If I specify selection=lasso(stop=SBC);then SAS stop in 2 steps and show:
Selection stopped at a local minimum of the SBC criterion.
I only get 2 variables. The AdjRSq is pretty low in either test unless I specify steps=20. With STEPS option, the AdjRSq increases, However the purpose of using lasso is to avoid overfitting. I look at the variables and I believe STEPS is giving me overfitting result.
Look at the correlation between those variables, don't believe all of them are strongly correlated.
Thanks for your help
06-04-2014 01:22 PM
This got me thinking a little bit. I used the example in the SAS/STAT 13.1 documentation, with changes. First, I ran:
proc glmselect data=sashelp.Leutrain plots=coefficients;
model y = x1-x7129/
This stopped after four steps. Then I ran:
proc glmselect data=sashelp.Leutrain /*valdata=sashelp.Leutest*/
model y = x1-x7129/
And this went out the full 20 steps, with the optimal value at step 20. OK, what happened when I did not include the steps= option?
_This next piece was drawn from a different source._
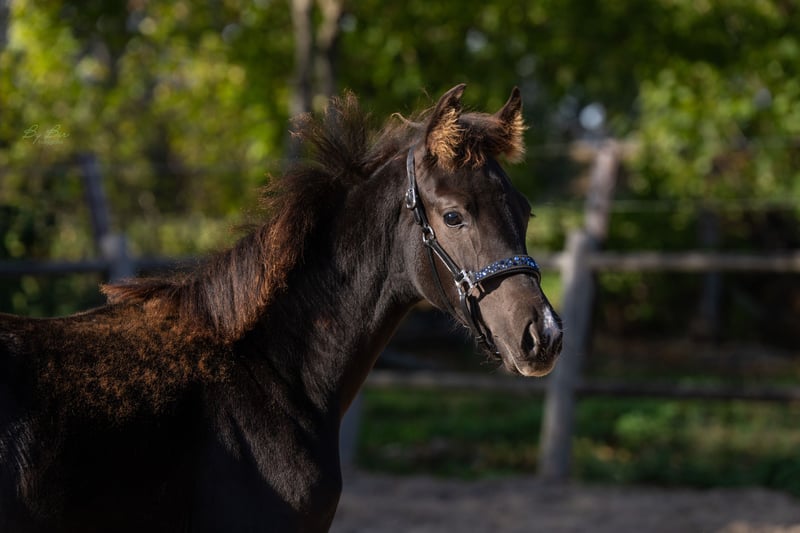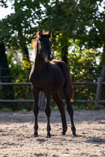 Sehr anhängliches und braves Stutfohlen. Läuft bereits an der Halfter. Kürzlich fachmännisch beschlagen, entwurmt und geimpft. Stammt aus einer guten deutschen Mutterlinie. Die Mutter ist prok and ster. Das Fohlen hat eine korrekte Körperhaltung und gute Beinstellung. Es verfügt über drei richtige Gänge und kann sich angenehm und elastisch bewegen. Auf jeden Fall ein Fohlen für die Zukunft. Das Fohlen hat bis zu sechs Monate bei der Mutter verbracht und steht jetzt in der Laufstallhaltung mit drei weiteren Stutfohlen. Es ist sofort verfügbar.
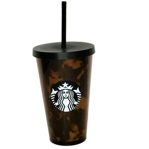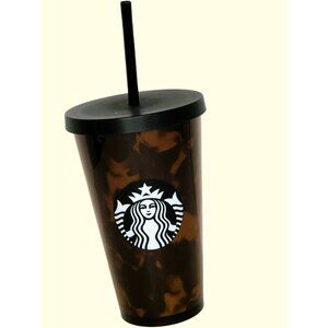 Starbucks Tortoise Shell Mocha Swirl Cold Cup Tumbler 16oz w straw

Well, the adjRsq criterion actually went down with the inclusion of the fifth predictor, and thus, the procedure stops, with an adjusted Rsq of 0.6132. I think this is what is happening with your data. I can get all sorts of answers from this dataset, based on a combination of options.
My personal preferences might be to minimize PRESS, rather than maximizing adjusted Rsquare or minimizing information criteria, especially if I were trying to build a predictive model.